YAP inhibition by gloriosine unlocks autophagic cell death as an anticancer strategy in lung malignancies.

Historically, lung cancer has been considered the leading cause of cancer-related death worldwide. Though some of the chemotherapeutic agents show promising outcomes in the ongoing battle against cancer, the overall survival rate for advanced-stage disease remains poor due to drug resistance, toxicity, and limited efficacy. Therefore, new chemotherapeutic agents are required to enhance efficacy, reduce side effects, and combat drug resistance. In the present study, we isolated a compound, gloriosine, and investigated its anticancer potential against different cancer cells, with a special focus on A549 lung adenocarcinoma cells. Treatment with gloriosine resulted in a significant reduction in cell viability in a dose- and time-dependent manner and reduced tumor size in the tumor xenograft model. Interestingly, gloriosine exhibited minimal cytotoxicity on normal cells, indicating its selective activity on cancer cells.

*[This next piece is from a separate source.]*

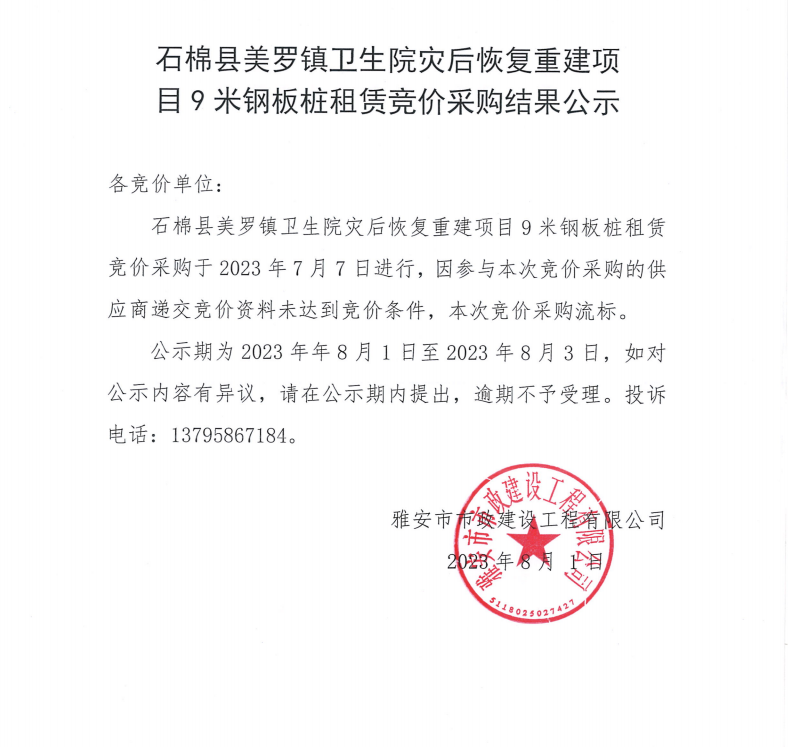 石棉縣美羅鎮(zhèn)衛(wèi)生院災后恢復重建項目9米鋼板樁租賃競價采購結果公示

Mechanistically, gloriosine induced G2/M cell cycle arrest in A549 cells within an hour of treatment and was found to affect the Hippo signaling pathway, leading to the retention and phosphorylation of the Yes-associated protein (YAP) in the cytoplasm, thereby inhibiting the activation of downstream target genes. This, in turn, led to the suppression of the AKT/mTOR pathway and the activation of autophagy-dependent cell death. These findings suggest that gloriosine could be a promising candidate for the development of new lung cancer therapies.